Early-life seizures prematurely switch on key synapses in the brain that may contribute to further neurodevelopmental delay in children with autism and other intellectual disabilities, suggests a new study from researchers at Penn Medicine published online in Cell Reports. Importantly, the study shows that an existing targeted therapy may keep those synapses “silent” after seizures to allow the brain to develop normally during a critical time in a person’s life. “Silent” synapses become active with experience, and removal of the reservoir of these synapses due to seizures results in a decreased capacity to engage these synapses in later learning.

 
Seizures from epilepsy early on in life have been linked to autism and other disorders—up to 40 percent of children with autism have epilepsy, for instance. However, mechanisms behind that relationship have been less understood. What is known is that early development of the brain involves a series of “critical periods” where synapses tied to learning and language skills are gradually activated. Seizures can lead to learning and cognition issues, past research has shown, but how they affect the critical periods of development remained unknown until now.

 
“Understanding the precise synaptic changes following seizures gives an opportunity to find treatments that can prevent this early ‘unsilencing,’” said senior author Frances E. Jensen, MD, chair of the department of Neurology and a professor of Neurology in the Perelman School of Medicine at the University of Pennsylvania. “The timing is important: We need to stop it right after the seizures and before a critical period of development in a child’s life so the brain can develop without any problems that may lead to future impairments.”

 
According to recent estimates from the Centers for Disease Control and Prevention, about one in 60 children in the United States has autism. Up to 40 percent of children with autism and intellectual disabilities also suffer from epilepsy, and approximately 35 percent of children with infantile spasms develop long-term intellectual disabilities, including autism.

 
In preclinical studies, the team discovered that following induced seizures “silent” thalamocortical synapses in the auditory cortex containing only NMDA receptors switched to “unsilent” synapses with both NMDA and AMPA receptors. Thalamocortical pathways are the main route of sensory information to the cerebral cortex, and the NMDA and AMPA receptors play important roles in learning and forming new memories. This premature activation of the synapses with the additional AMPA receptor is what created a disruption in the auditory synapses days later during the critical period of development in mice, they found.

 
The researchers induced seizures in mice with pentylenetetrazol, or PTZ, injections and used voltage-sensitive dye (VSD) imaging to monitor, measure, and visualize brain activity in the auditory cortex.

 
Next, the researchers investigated what impact an AMPA receptor antagonist, an antiepileptic and anticonvulsant drug known as NBQX, would have on the synapses because past studies had shown that inactivation of AMPA receptors with the drug had prevented seizure-induced changes in the neurons of the hippocampus.

 
In seizure-induced mice, NBQX treatment reduced AMPA receptor enhancement and premature “unsilencing” of the thalamocortical synapses, and also restored synaptic plasticity during the critical period, the researchers reported. Control mice injected with saline after seizures showed impaired synaptic plasticity, which was consistent with the prior observations.

 
The new findings reveal a mechanism for the relationship between seizures and later-in-life cognitive impairment, as well as a much-needed potential treatment avenue to pursue.
“This is proof of principle that synaptic plasticity is a dynamic target for the treatment of autism and intellectual disabilities that accompany early-life seizures,” Jensen said. “Further exploration will not only gain more insight into the etiology and treatment of autism, but also other neurodevelopmental disorders.”

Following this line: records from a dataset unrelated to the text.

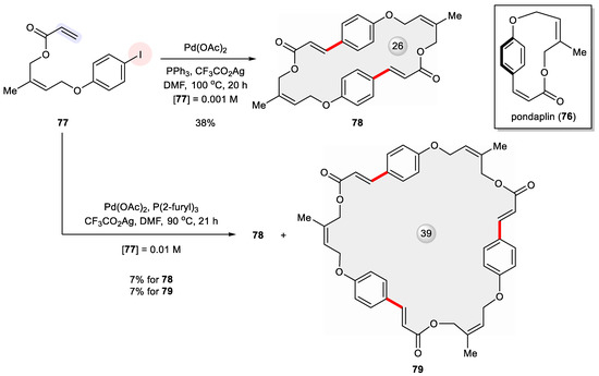 Pondaplin (76) is a strained 13-membered macrocycle because of its rigid 1,4-benzenoid linkage and two built-in Z-alkenes [119]. In an effort to synthesize 76, Joullie et al. explored the intramolecular Heck reaction of the seco precursor 77 but without yielding the target molecule under various conditions (Figure 14) [120]. A serendipitous result from their trials was the formation of the pondaplin dimer 78 in a 38% yield under high dilution conditions (0.001 M). Clearly, high strain energy accrued along the self cross-coupling pathway and as such defied ring closure. As a result, the sequential intermolecular–intramolecular process came into play and generated the dimeric macrocycle. At a 10-fold increased concentration, that is, 0.01 M of 77, a head-to-tail cyclized trimer 79 (7% yield) was isolated along with 78 (7% yield).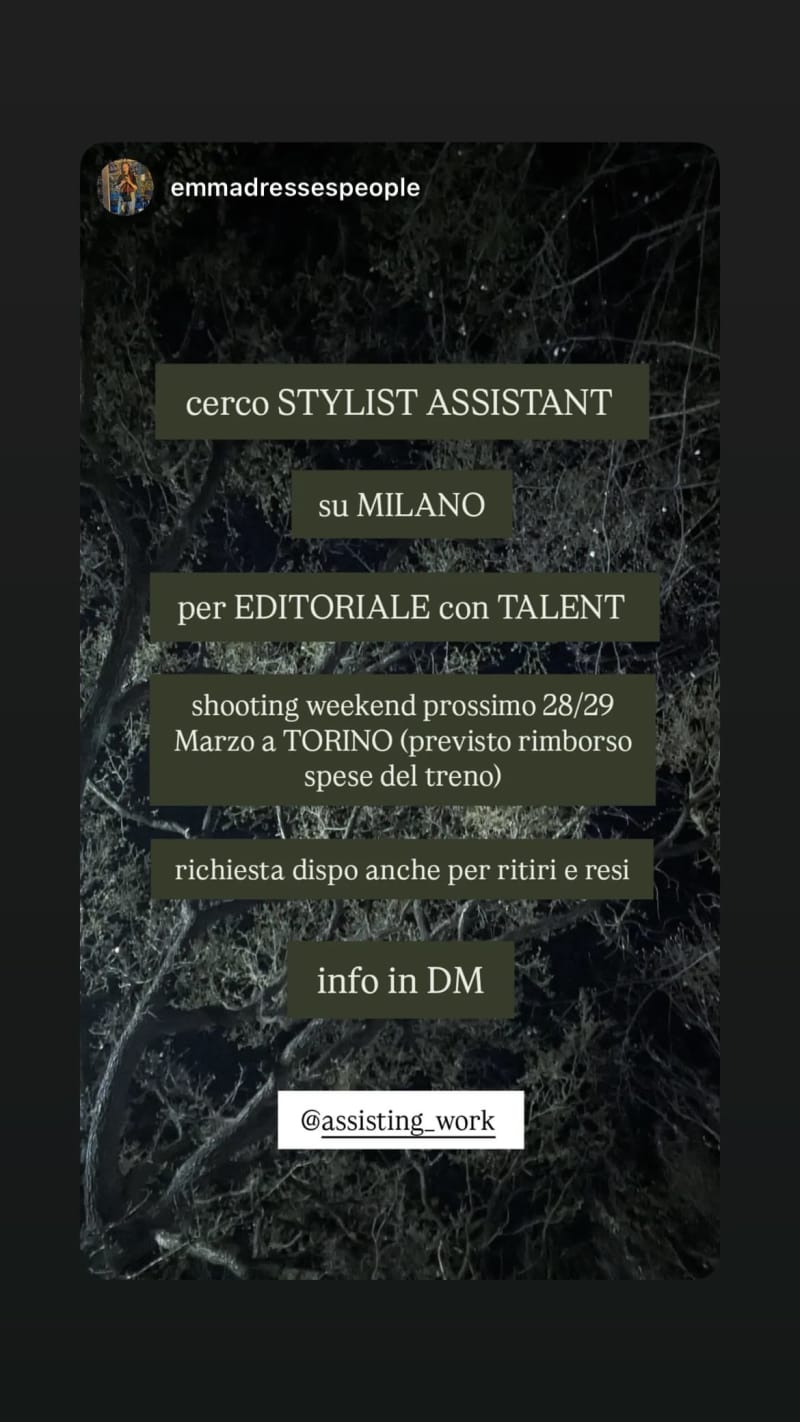 styling assistant wanted in milan for an editorial with talent. shoot next weekend 28/29 march in turin, with train expenses reimbursed.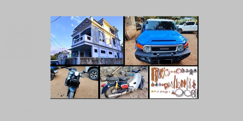 Moreover, a Toyota FJ Cruiser, 2 motorcycles and over 7.9 million kyats, 6,000 Thai baht, 39 various kinds of gold accessories (valued at about 93.4 million kyats) were seized while searching the resident of the suspects in Dawei. Investigation is underway to reveal the chain of offenders and legal actions have been taken against the suspects in line with the Narcotic Drugs And Psychotropic Substances Law.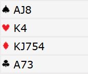 Men altså, han om det...det ble altså opplysende dobling av det. Vest passet, og som nord hoppet jeg til 3 ruter som her viser oppunder åpning, kanskje bare en 8-9 poenger (?) hvis det er meldt med lang ruterfarge. Øst meldte 3 hjerter, og syd foreslo 3NT. Det gikk to ganger pass tilbake til øst som ikke ville gi seg: 4 hjerter!

Photo Credit: Penn Medicine
Photo of Frances E. Jensen, MD

Study co-authors include Hongyu Sun and Jocelyn J. Lippman-Bell from Penn, Ting Ting Wang, from Carleton University, and Anne E. Takesian and Takao K. Hensch, from Harvard University.
This work was supported by the National Institutes of Health (NS 031718, DP1 OD003347, P30 HD18655, DP1OD003699, and NS080565-01A1), the Canadian Institute for Advanced Research, Carleton University, a Natural Sciences and Engineering Research Council of Canada Q1 Discovery Grant (RGPIN06552), and the Nancy Lurie Mark Family Foundation.

 

Source: newswise.com –  Perelman School of Medicine at the University of Pennsylvania 

 

Can Marijuana Treat Autism? These Clinical Trials Aim to Find Out

Can Marijuana Treat Autism? These Clinical Trials Aim to Find Out

A growing number of clinical trials are looking into whether compounds in marijuana can be used to treat some of the symptoms of autism.

 
One of these clinical trials was just announced at the University of California, San Diego, and others are slated to take place in New York at Montefiore Medical Center and New York University, and in Israel at Shaare Zedek Medical Center.

 

These trials were prompted, in part, by the success of other clinical trials investigating whether cannabis could effectively and safely treat other neurological disorders, including two rare forms of epilepsy and a condition called fragile X syndrome. [7 Ways Marijuana May Affect the Brain] (more…)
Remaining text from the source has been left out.